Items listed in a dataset
——

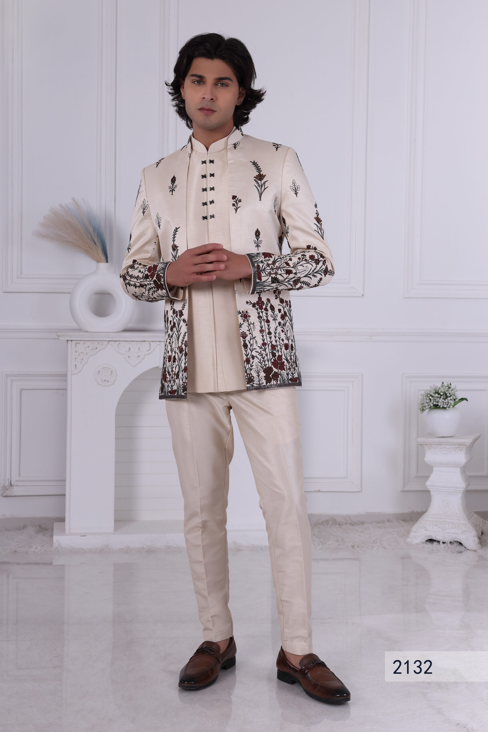 A graceful ivory Jodhpuri suit adorned with elegant floral embroidery in deep maroon and black. The minimalist yet detailed design adds charm and sophistication, making it a perfect choice for engagements, receptions, and festive occasions.
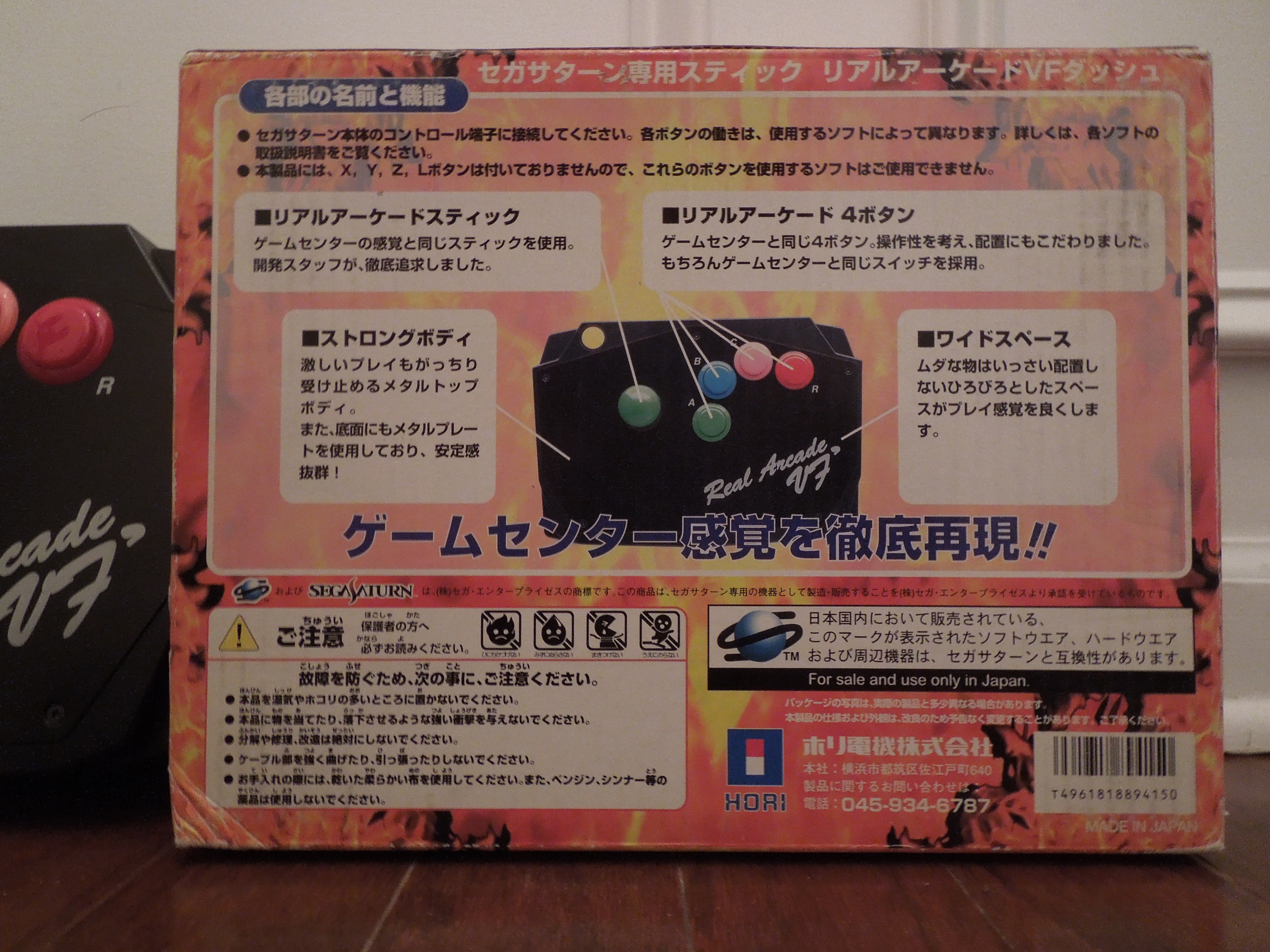 Quick Saturn Controller History: Many different controllers were released for the Sega Saturn home console. The Sega Saturn used 8 buttons (in addition to the control pad and Start button): A, B, C, X, Y, Z, L, R). While the console, released in 1995, included a basic, well-made game pad (and later a 2nd release that changed some things up), Arcade Sicks were soon released to present an alternative way to play Saturn games. The Virtua Stick was the most common. It included all of the necessary buttons, plus turbo switches and an arcade-style stick rather than a control pad. A second controller, the Virtua Stick HSS-0136, was also released (only in Japan). The HSS-0136, released by Hori, was huge and extraordinarily similiar to what you would find in an arcade. It included all 8 buttons, and they were large and round, like those on an arcade cabinent. Also, the control stick was clicky, much like those in the arcade. For many Saturn gamers, the HSS-0136 is the pinnacle of controllers for the Saturn. However, there was another arcade stick that is extremely obscure that was made for the Saturn and was only released in Japan – the Real Arcade VF Dash, model no. HSS-12, which was also made by Hori (a company famous for making great controllers) – this a review of that controller.
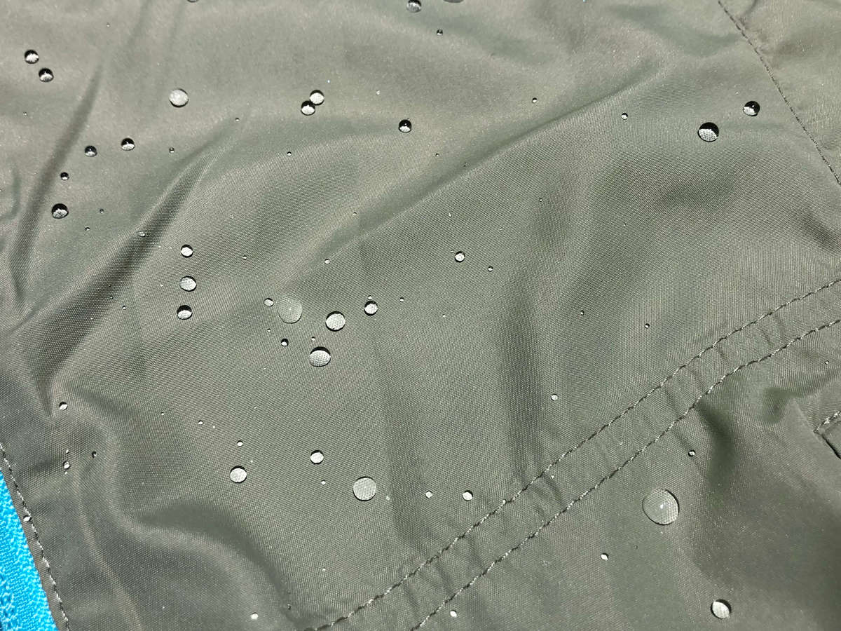 ワークマンといえば、プチプラなのに防水や高撥水アイテムが優れていることで有名です。高撥水シェルジャケットももちろん、水をかけると玉のようにはじき、ころころと生地を滑り落ちていきます。
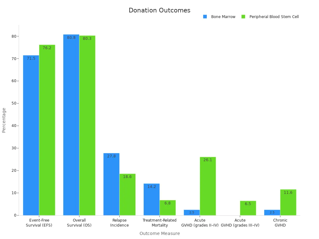 Data shows these differences. PBSC transplants have higher survival rates (76.2% vs. 71.5%) and lower relapse rates (18.6% vs. 27.8%) than bone marrow transplants. But bone marrow transplants have fewer severe GVHD cases. Doctors use this information to choose the best method for each patient.
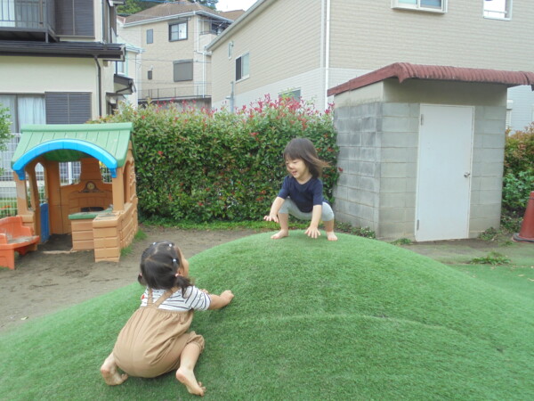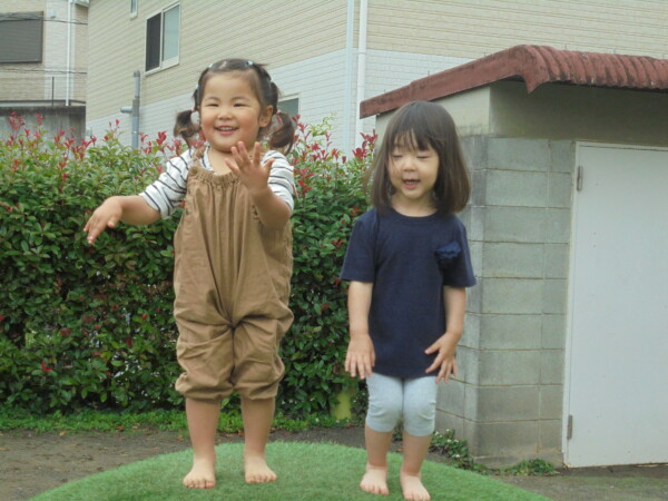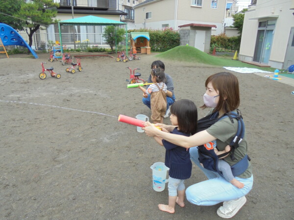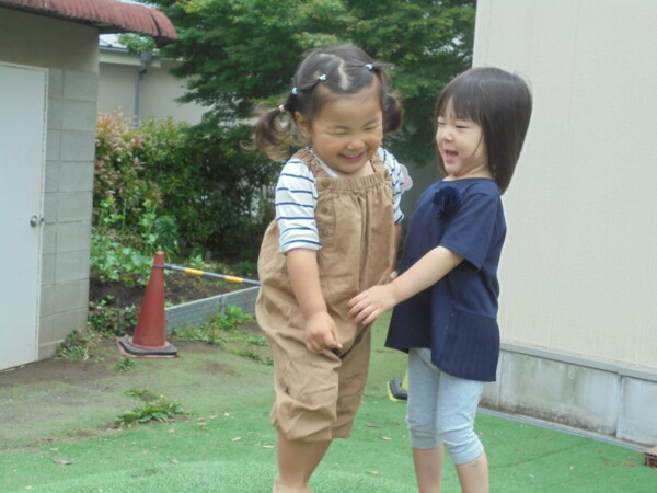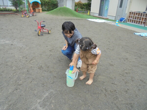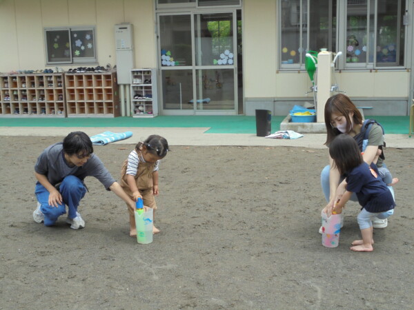 天気がはっきりしない毎日が続いています。体調は崩していませんか。今日は二組のお友だち。裸足で遊びました。2歳になると遊びにも変化が見られお友だちを誘ったり、共通の話題で行動ができたり子どもたちの成長が見られる1日でした。水遊びは楽しいね。シャボン玉も登場。水鉄砲は上手に打つことが出来て、先生が的になりビショビショになり大喜びでした。「たのしかったね~」一番の笑顔でした。これから水遊びが多くなります。汚れてもいい服装で来てくださいね。水分補給も忘れずに。
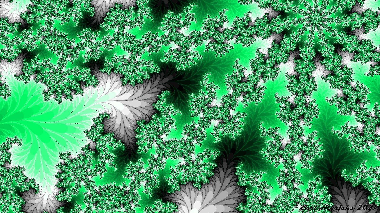 On the other side of the coin, the pictures still have some artistic value. This is more discovery and less constructive than when I set out to create art. Even on the discovery side I spend less than the usual amount of time framing and coloring the fractal. But still, I hope you find these more interesting than a graph of a parabola.
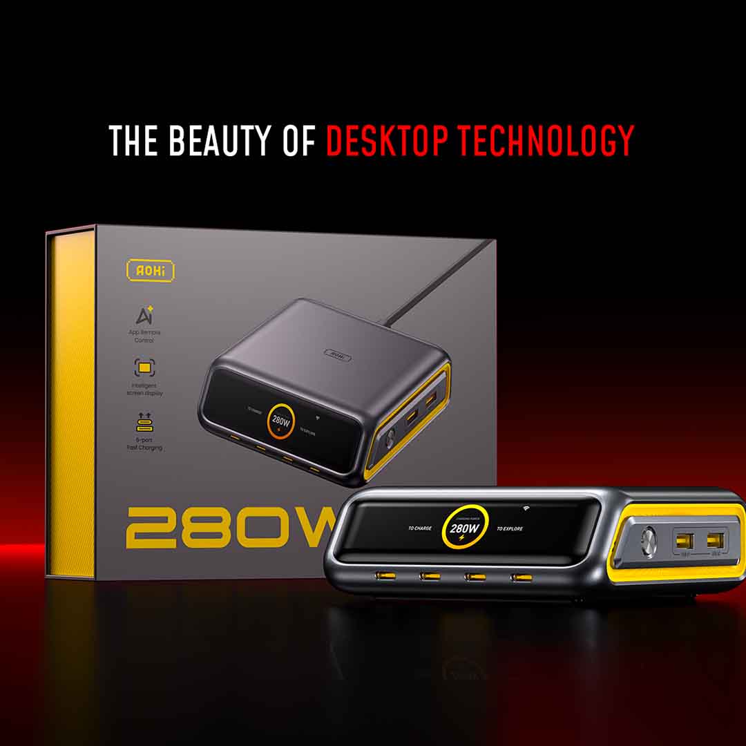 AOHi 280W GaN+ Desktop Charger brings serious power to a compact hub built for modern work. It delivers 280W total output to charge up to 6 devices at once, including laptops, tablets, phones, and accessories. Each USB-C port supports up to 240W single-port charging for demanding rigs. A real-time LCD shows per-port wattage, total power, and temperature so you always know what is happening. Choose Smart AI mode for balanced, safe distribution or switch to Turbo for full-speed output. Control it from your phone over Bluetooth or Wi-Fi, schedule sessions, and even switch to a clean clock display when you are off the grid. Make one charger do the job of many. Back it now on Kickstarter.

——

» **REQUIRED WORK**: What the answer must hold: all the data above, given again exactly, without pictures.

» **ANSWER FOR THE TASK**:
 A graceful ivory Jodhpuri suit adorned with elegant floral embroidery in deep maroon and black. The minimalist yet detailed design adds charm and sophistication, making it a perfect choice for engagements, receptions, and festive occasions.
 Quick Saturn Controller History: Many different controllers were released for the Sega Saturn home console. The Sega Saturn used 8 buttons (in addition to the control pad and Start button): A, B, C, X, Y, Z, L, R). While the console, released in 1995, included a basic, well-made game pad (and later a 2nd release that changed some things up), Arcade Sicks were soon released to present an alternative way to play Saturn games. The Virtua Stick was the most common. It included all of the necessary buttons, plus turbo switches and an arcade-style stick rather than a control pad. A second controller, the Virtua Stick HSS-0136, was also released (only in Japan). The HSS-0136, released by Hori, was huge and extraordinarily similiar to what you would find in an arcade. It included all 8 buttons, and they were large and round, like those on an arcade cabinent. Also, the control stick was clicky, much like those in the arcade. For many Saturn gamers, the HSS-0136 is the pinnacle of controllers for the Saturn. However, there was another arcade stick that is extremely obscure that was made for the Saturn and was only released in Japan – the Real Arcade VF Dash, model no. HSS-12, which was also made by Hori (a company famous for making great controllers) – this a review of that controller.
 ワークマンといえば、プチプラなのに防水や高撥水アイテムが優れていることで有名です。高撥水シェルジャケットももちろん、水をかけると玉のようにはじき、ころころと生地を滑り落ちていきます。
 Data shows these differences. PBSC transplants have higher survival rates (76.2% vs. 71.5%) and lower relapse rates (18.6% vs. 27.8%) than bone marrow transplants. But bone marrow transplants have fewer severe GVHD cases. Doctors use this information to choose the best method for each patient.
 天気がはっきりしない毎日が続いています。体調は崩していませんか。今日は二組のお友だち。裸足で遊びました。2歳になると遊びにも変化が見られお友だちを誘ったり、共通の話題で行動ができたり子どもたちの成長が見られる1日でした。水遊びは楽しいね。シャボン玉も登場。水鉄砲は上手に打つことが出来て、先生が的になりビショビショになり大喜びでした。「たのしかったね~」一番の笑顔でした。これから水遊びが多くなります。汚れてもいい服装で来てくださいね。水分補給も忘れずに。
 On the other side of the coin, the pictures still have some artistic value. This is more discovery and less constructive than when I set out to create art. Even on the discovery side I spend less than the usual amount of time framing and coloring the fractal. But still, I hope you find these more interesting than a graph of a parabola.
 AOHi 280W GaN+ Desktop Charger brings serious power to a compact hub built for modern work. It delivers 280W total output to charge up to 6 devices at once, including laptops, tablets, phones, and accessories. Each USB-C port supports up to 240W single-port charging for demanding rigs. A real-time LCD shows per-port wattage, total power, and temperature so you always know what is happening. Choose Smart AI mode for balanced, safe distribution or switch to Turbo for full-speed output. Control it from your phone over Bluetooth or Wi-Fi, schedule sessions, and even switch to a clean clock display when you are off the grid. Make one charger do the job of many. Back it now on Kickstarter.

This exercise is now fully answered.